Problem statement: Return the data word for word. Pictures are to be omitted.

Material provided:
○ ○ ○ ○ ○

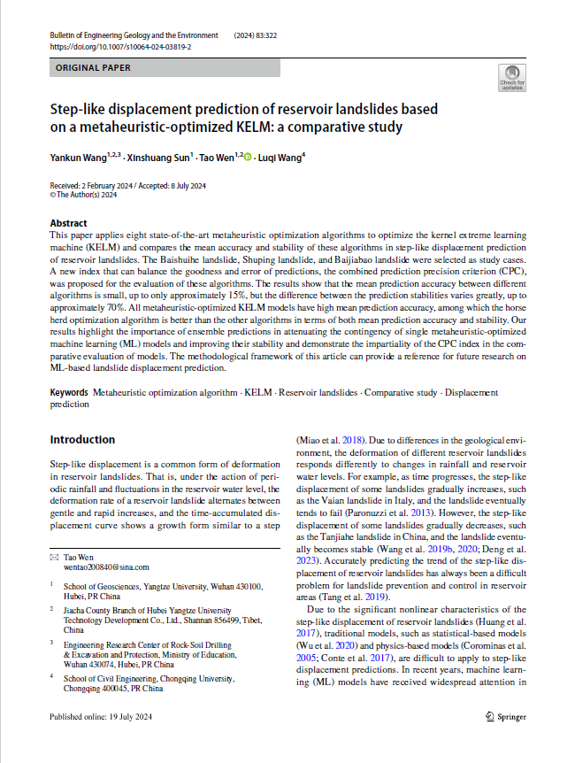 060net永利教师王艳昆副教授以第一作者身份在2区SCI期刊《Bulletin of Engineering Geology and the Environment》发表题为《Step-like displacement prediction of reservoir landslides based on a metaheuristic-optimized KELM: a comparative study》的研究论文。060net永利为论文的第一署名单位,地质(工程)22001班本科生孙新爽为该文第二作者,温韬副教授为该文通讯作者,本项研究得到国家自然科学基金项目、湖北省自然科学基金项目、西藏自治区科技计划项目、青海省科技计划项目和老员工创新创业训练计划项目共同资助。
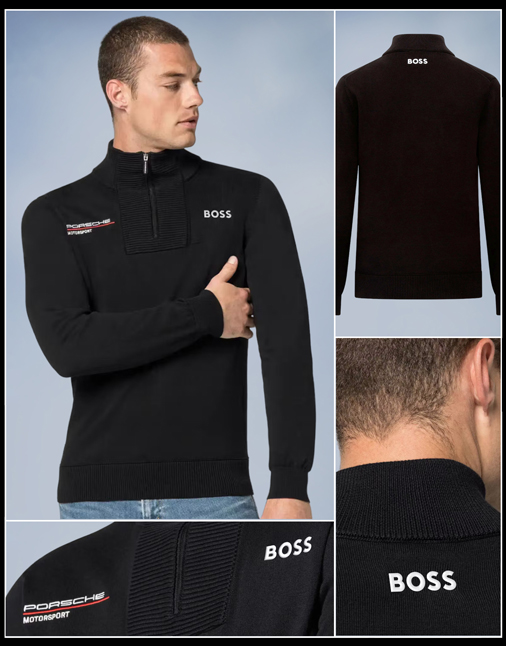 Pull Mixte Porsche x BOSS Col montant avec fermeture éclair - tirette marquée Porsche - Couleur Noir Matière 100 % Coton / Col et bords 8% Polyamide - Maille légère et bords côtes Logos brodés Porsche et BOSS sur poitrine et cou Logos brodés Mobil1, ABB et Tag Heuer sur manches Porsche WAP121PMSR 169,95 € TTC / Incl. Taxes
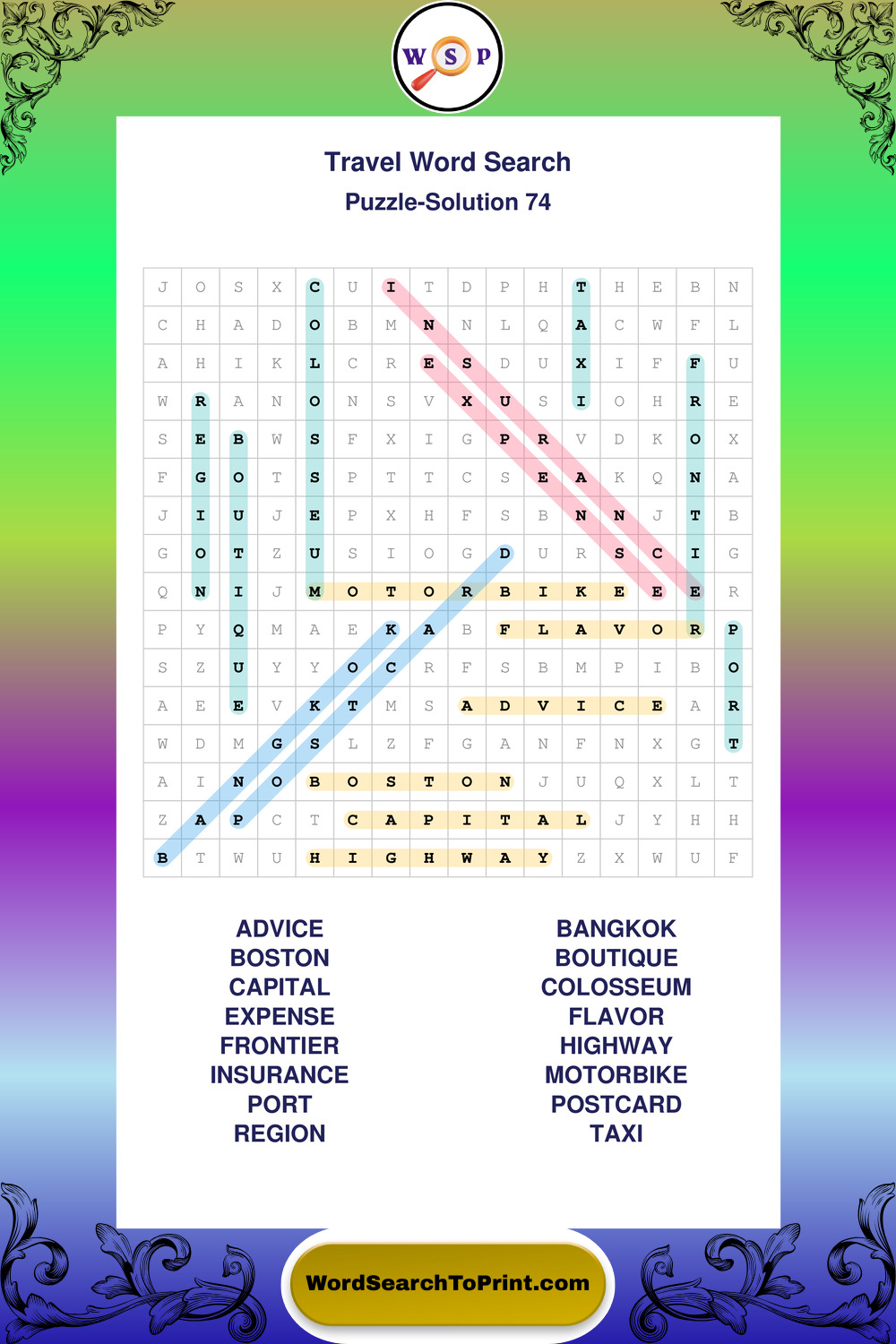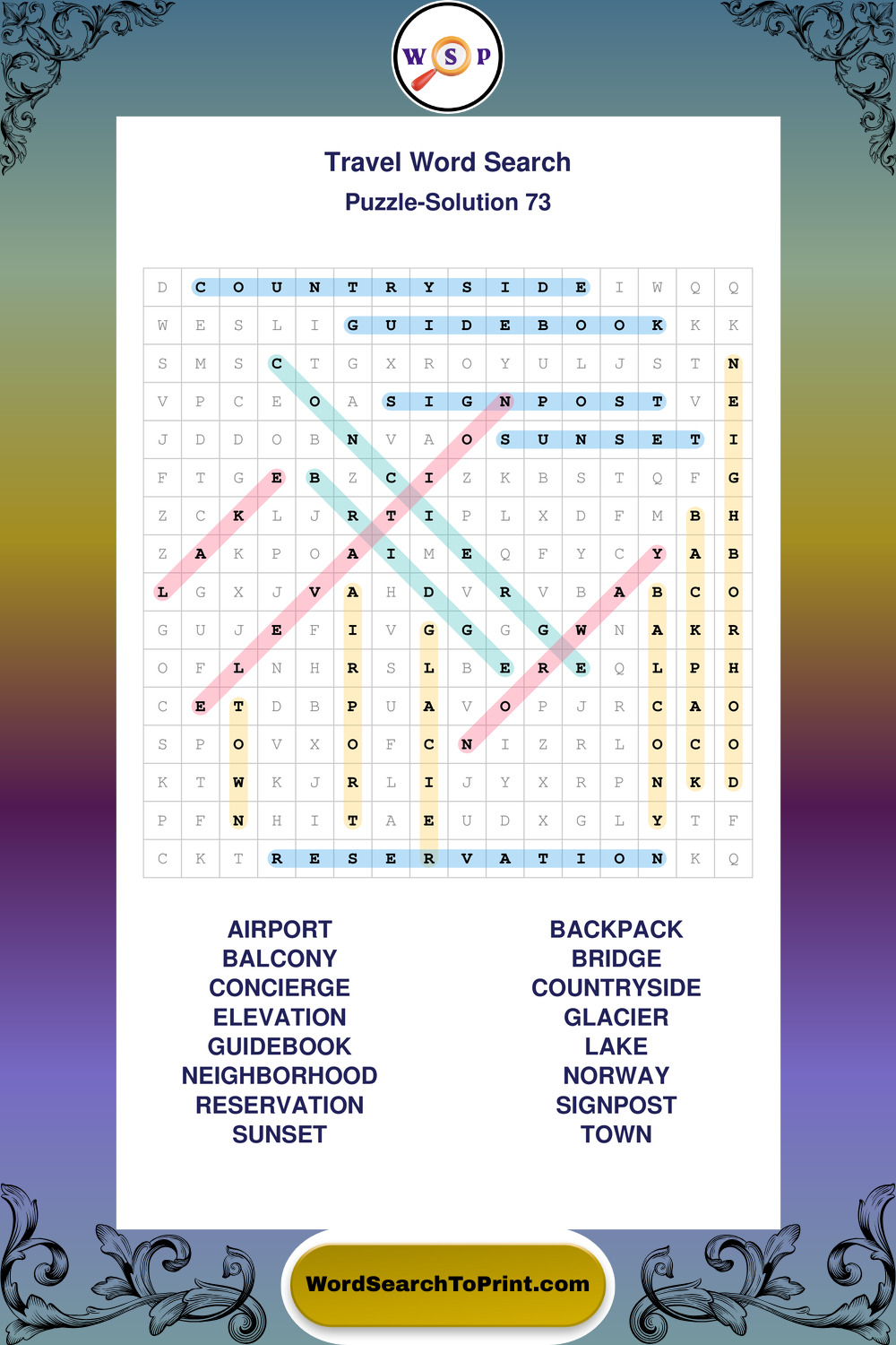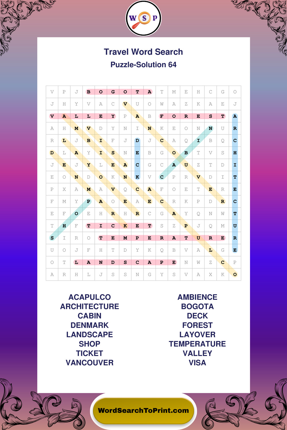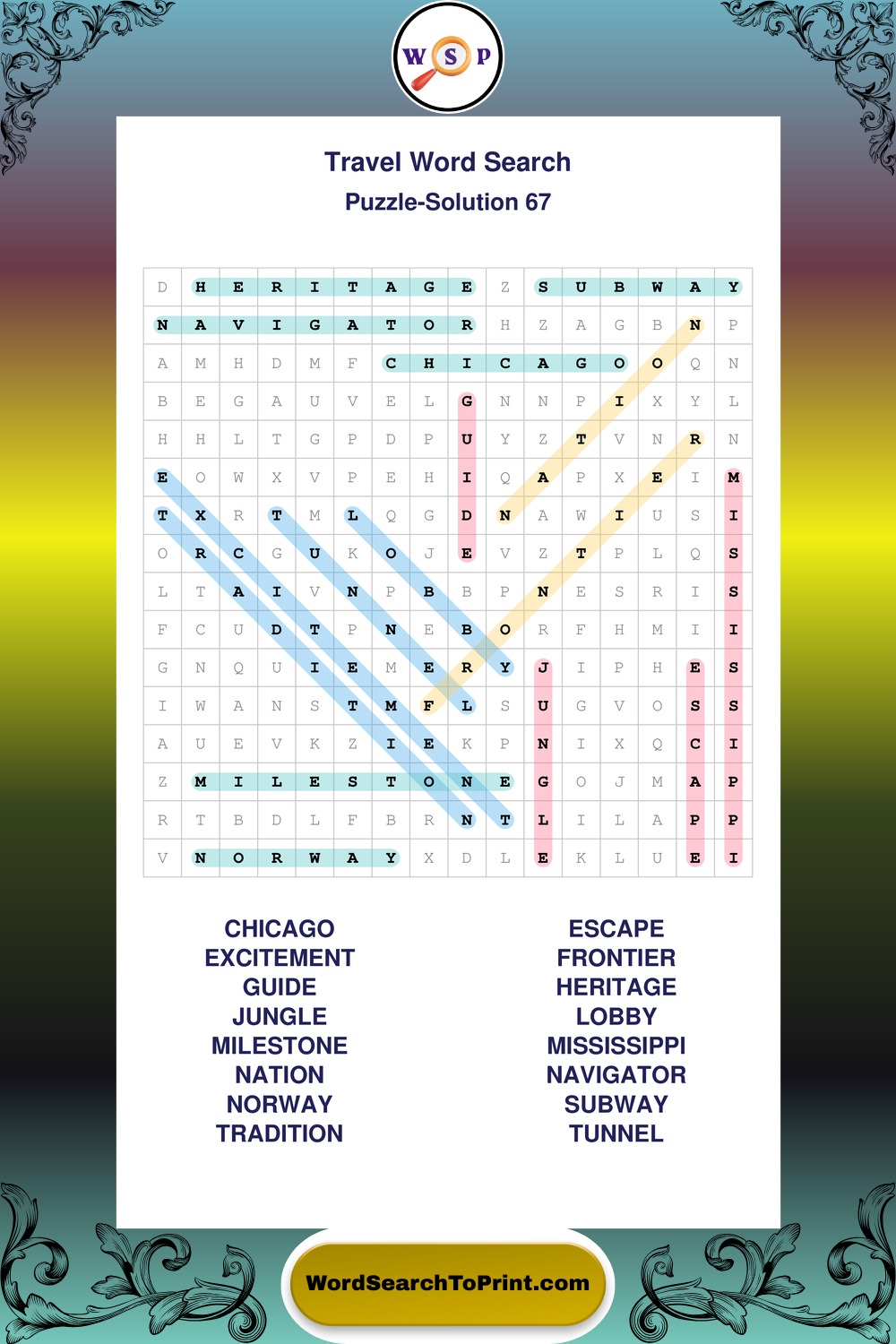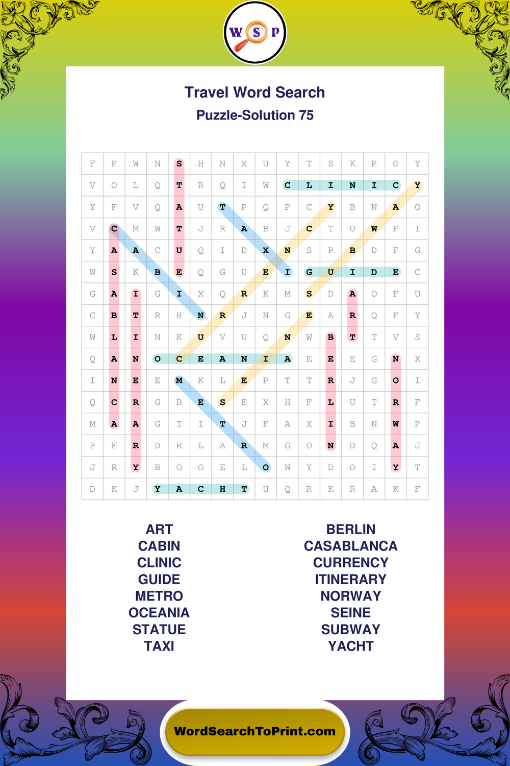 Printable Travel Wordsearch Puzzles

○ ○ ○ ○ ○

Response:
 060net永利教师王艳昆副教授以第一作者身份在2区SCI期刊《Bulletin of Engineering Geology and the Environment》发表题为《Step-like displacement prediction of reservoir landslides based on a metaheuristic-optimized KELM: a comparative study》的研究论文。060net永利为论文的第一署名单位,地质(工程)22001班本科生孙新爽为该文第二作者,温韬副教授为该文通讯作者,本项研究得到国家自然科学基金项目、湖北省自然科学基金项目、西藏自治区科技计划项目、青海省科技计划项目和老员工创新创业训练计划项目共同资助。
 Pull Mixte Porsche x BOSS Col montant avec fermeture éclair - tirette marquée Porsche - Couleur Noir Matière 100 % Coton / Col et bords 8% Polyamide - Maille légère et bords côtes Logos brodés Porsche et BOSS sur poitrine et cou Logos brodés Mobil1, ABB et Tag Heuer sur manches Porsche WAP121PMSR 169,95 € TTC / Incl. Taxes
 Printable Travel Wordsearch Puzzles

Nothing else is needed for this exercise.